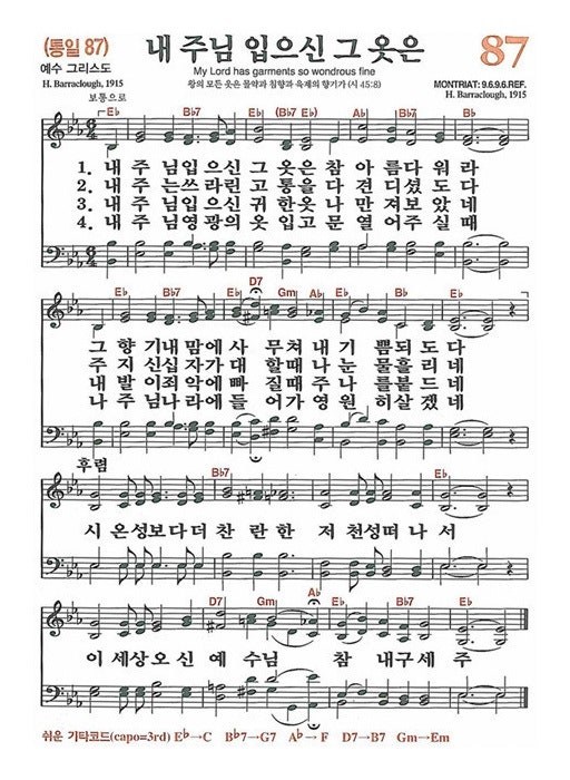 ─ 찬송: 새 87장 내 주님 입은 그 옷
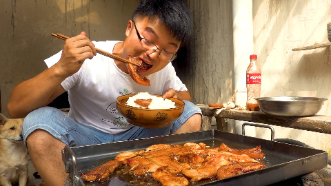 大sao新制一套铁板,两斤铁板五花打底,米饭加大蒜,这滋味真爽
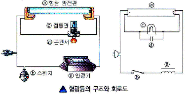 ① 형광등의 구조 : 방전 현상과 형광 작용을 이용하는 조명 기구
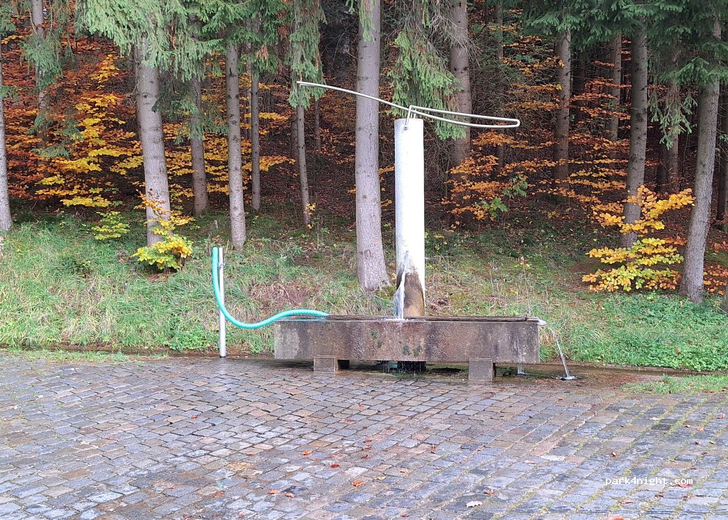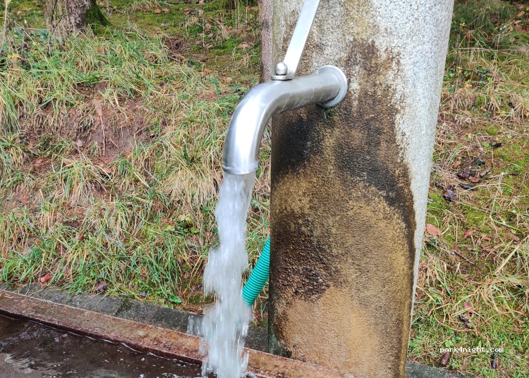 Belle source d'eau pour le remplissage. Peut-être que vous pourrez même y passer la nuit. Des tables et des bancs sont à disposition.
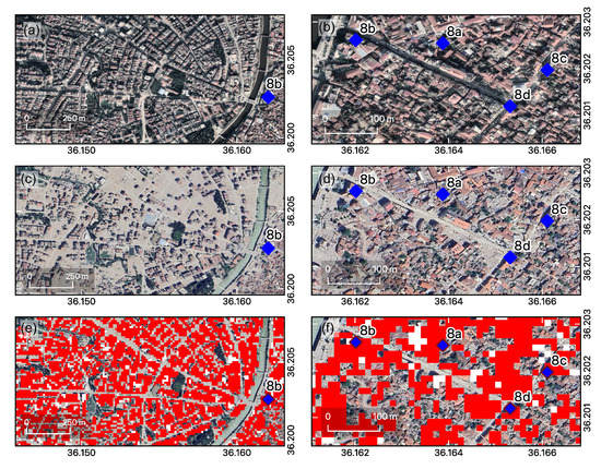 Closer look at the results using Google Earth images of Hatay. (a,b) Images recorded in December 2022 (image from Google, © 2023 Maxar Technologies). (c,d) Images recorded in April 2023 (image from Google, © 2023 Airbus). (e,f) Changes detected using the proposed method (base image from Google, © 2023 Airbus). Red tones denote areas with changes, and white tones are areas without changes. Blue marks denote the locations of the photos shown in Figure 8.

— To do —
Transcribe all of the records exactly, without reproducing their pictures.

— Response box —
 ─ 찬송: 새 87장 내 주님 입은 그 옷
 大sao新制一套铁板,两斤铁板五花打底,米饭加大蒜,这滋味真爽
 ① 형광등의 구조 : 방전 현상과 형광 작용을 이용하는 조명 기구
 Belle source d'eau pour le remplissage. Peut-être que vous pourrez même y passer la nuit. Des tables et des bancs sont à disposition.
 Closer look at the results using Google Earth images of Hatay. (a,b) Images recorded in December 2022 (image from Google, © 2023 Maxar Technologies). (c,d) Images recorded in April 2023 (image from Google, © 2023 Airbus). (e,f) Changes detected using the proposed method (base image from Google, © 2023 Airbus). Red tones denote areas with changes, and white tones are areas without changes. Blue marks denote the locations of the photos shown in Figure 8.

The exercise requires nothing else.